Hi Justin,
Speaking in terms of Consul, not sure where you found that
information, but it's not (generally) correct. That's referred to as a
split-brain problem, and consensus algorithms (like Raft, the one in
Consul) are engineered to avoid that situation. That's why you should
always have an odd number of servers in your Consul cluster; that way,
a network partition can be handled appropriately -- if there is still
a majority, business can continue as usual, but if you no longer have
a majority of the known cluster members, actions that require
consensus refuse to be performed.
This is true even if you start with an odd number of peers and lose a
majority in all situations due to multiple network partitions (e.g. A,
B, and C are all isolated nodes) -- they will know that they each had
two other peers, and no node will declare itself the leader.

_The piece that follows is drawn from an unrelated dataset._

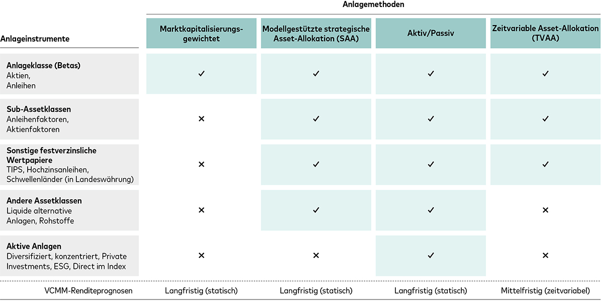 Bei der modellgestützten strategischen Asset-Allokation verwenden wir selbst entwickelte Modelle, um diversifizierte Betas mit einer Übergewichtung bestimmter Sub-Assetklassen zu kombinieren, zum Beispiel Value-Aktien, langfristige Staatsanleihen oder Indizes für Unternehmensanleihen. Diese Methode lässt sich auch auf Assetklassen außerhalb der Aktien- und Anleihen-Betas anwenden, zum Beispiel auf Rohstoff-Futures, inflationsgeschützte Staatsanleihen (Treasury Inflation-Protected Securities, TIPS) oder High-Yield-Anleihen. Das Ergebnis sind modellgestützte strategische Portfolios, die explizite Renditeprognosen für die einzelnen Assetklassen, Faktorprämien und die damit verbundenen Faktorrisiken voraussetzen, welche sich beispielsweise aus dem VCMM ableiten lassen. Das zweite Modell, das Vanguard Asset Allocation Model (VAAM), strebt zur Bestimmung der optimalen Allokation (Portfoliogewichtung) ein Gleichgewicht der Risiko- und Renditeprognosen des VCMM und der Faktorrisiken bzw. -prämien an.

If you
have an even number, a network partition can leave you with 2/2, in
which case no node can declare itself the leader -- so you can have
four nodes still online but no leader, whereas a 2/1 split with three
nodes will still allow a (single!) leader to be elected.
Network blips and outages can occur within a datacenter as well, so
there is nothing inherently different about going across datacenters.
You may get more frequent network partitions, so you may get more
frequent leader elections, but again -- network outages can happen
even within a datacenter, so Consul's consensus/leader election
handling is designed to handle this case without having a split brain.